Data records:
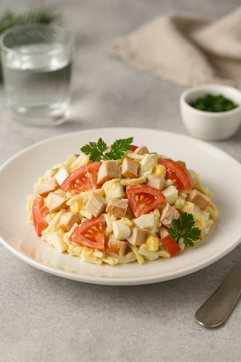 Этот салат с копченой курицей, помидорами и сыром — доказательство того, что вкусное и праздничное блюдо не обязательно должно быть сложным. Главное — качественные продукты и немного внимания к деталям.
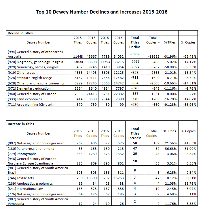 Note: Dewey Numbers have been stripped of the numbers beyond the decimal.
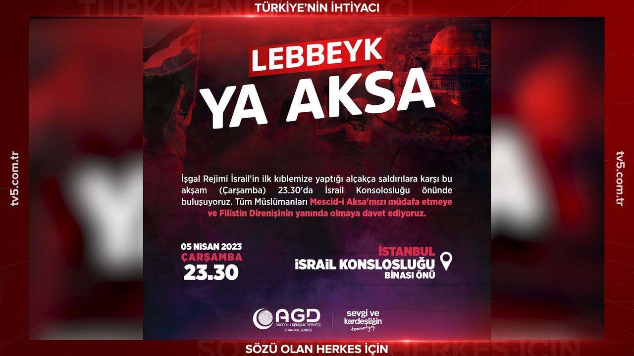 LEBBEYK YA AKSA! İşgal Rejimi İsrail'in ilk kıblemize yaptığı alçakça saldırılara karşı bu akşam (Çarşamba) 23.30'da İsrail Konsolosluğu önünde buluşuyoruz. Tüm Müslümanları Mescid-i Aksa'mızı müdafa etmeye ve Filistin Direnişinin yanında olmaya davet ediyoruz.
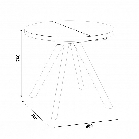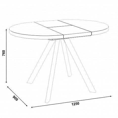 Габариты стола в разложенном виде: В760 х Ш1250 х Г900 мм.
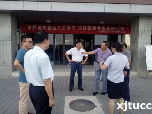 8月19日下午,西安交通大学城市学院陈光德院长、冯民柱书记带队,副院长张敬朝、院长助理徐君陶、纪委书记朱普社及教学服务中心、学生服务中心、条保部、保卫部等相关部门负责人等检查校园环境布置情况和迎新报到现场准备情况。
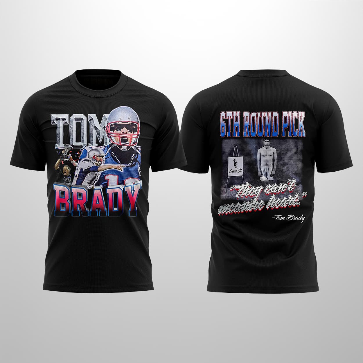 This shirt is a tribute to the ultimate comeback story in history. On the front, bold “TOM BRADY” lettering anchors dynamic action shots of the quarterback in full gear, set against a red, white, and blue palette that nods to his Patriots roots. Flip it over and the message hits harder: “6TH ROUND PICK” blazes across the top, followed by Brady’s iconic quote—“They can’t measure heart.”

TASK ITEM:
Give back the data exactly. Skip any images.

OUTPUT FOR THIS TASK:
 Этот салат с копченой курицей, помидорами и сыром — доказательство того, что вкусное и праздничное блюдо не обязательно должно быть сложным. Главное — качественные продукты и немного внимания к деталям.
 Note: Dewey Numbers have been stripped of the numbers beyond the decimal.
 LEBBEYK YA AKSA! İşgal Rejimi İsrail'in ilk kıblemize yaptığı alçakça saldırılara karşı bu akşam (Çarşamba) 23.30'da İsrail Konsolosluğu önünde buluşuyoruz. Tüm Müslümanları Mescid-i Aksa'mızı müdafa etmeye ve Filistin Direnişinin yanında olmaya davet ediyoruz.
 Габариты стола в разложенном виде: В760 х Ш1250 х Г900 мм.
 8月19日下午,西安交通大学城市学院陈光德院长、冯民柱书记带队,副院长张敬朝、院长助理徐君陶、纪委书记朱普社及教学服务中心、学生服务中心、条保部、保卫部等相关部门负责人等检查校园环境布置情况和迎新报到现场准备情况。
 This shirt is a tribute to the ultimate comeback story in history. On the front, bold “TOM BRADY” lettering anchors dynamic action shots of the quarterback in full gear, set against a red, white, and blue palette that nods to his Patriots roots. Flip it over and the message hits harder: “6TH ROUND PICK” blazes across the top, followed by Brady’s iconic quote—“They can’t measure heart.”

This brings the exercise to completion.